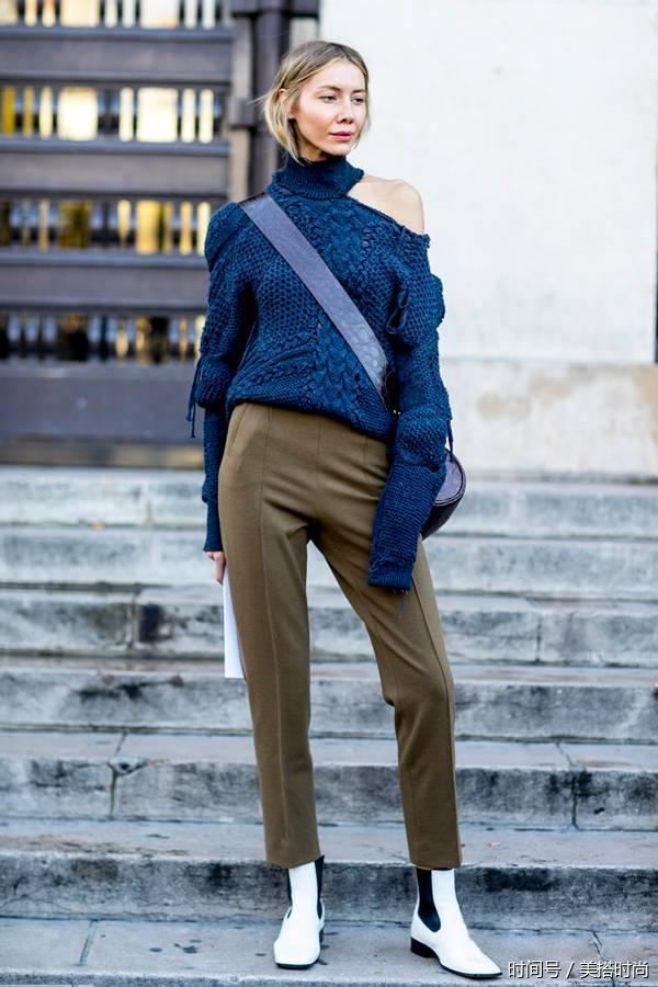高領(lǐng)露肩毛衣也是一個(gè)搭配小心機(jī),在臃腫的羽絨服或者外套之中小露香肩的毛衣更是出街致勝法寶。
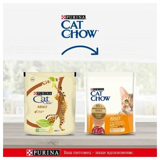 Лучшие цены. Ваша кошка — уникальное создание. Чтобы она продолжала радовать вас, Purina создала корм Cat Chow с качественным белком и натуральными ингредиентами (петрушка, шпинат, морковь, цельные зёрна злаков, цикорий и дрожжи). Рацион отличается высоким содержанием домашней птицы и включает Naturium (особое сочетание волокон из натуральных источников), а также источник натурального пребиотика, который поддерживает здоровое пищеварение вашей любимицы. Это позволяет ей питаться с большей пользой. Магазины в вашем городе.
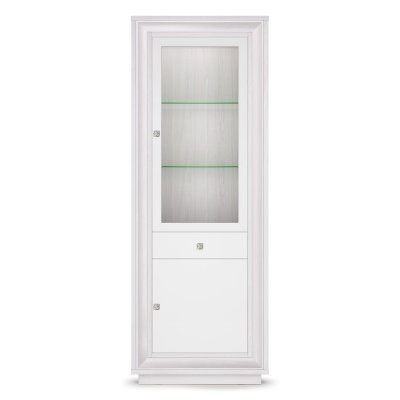 Яркий и нарядный образ витрины в стиле Ар-деко обеспечивает легкий ненавязчивый металлический блеск сатиновых фасадов и багета в цвете «жемчуг», который говорит о хорошем вкусе и статусе владельца мебели. Металлические ручки цвета «венецианское серебро» имеют растительный орнамент и завершают образ элегантной шкафа-витрины. Надежность изделия обеспечивает основательный корпус, выполненный из ЛДСП «ясень шимо светлый» толщиной 25 и 16 мм.

Exercise: Reproduce exactly, and only, the lines from the opening line of the listing above through the line holding "Лучшие цены. Ваша", minus the pictures.

Task output:
高領(lǐng)露肩毛衣也是一個(gè)搭配小心機(jī),在臃腫的羽絨服或者外套之中小露香肩的毛衣更是出街致勝法寶。
 Лучшие цены. Ваша кошка — уникальное создание. Чтобы она продолжала радовать вас, Purina создала корм Cat Chow с качественным белком и натуральными ингредиентами (петрушка, шпинат, морковь, цельные зёрна злаков, цикорий и дрожжи). Рацион отличается высоким содержанием домашней птицы и включает Naturium (особое сочетание волокон из натуральных источников), а также источник натурального пребиотика, который поддерживает здоровое пищеварение вашей любимицы. Это позволяет ей питаться с большей пользой. Магазины в вашем городе.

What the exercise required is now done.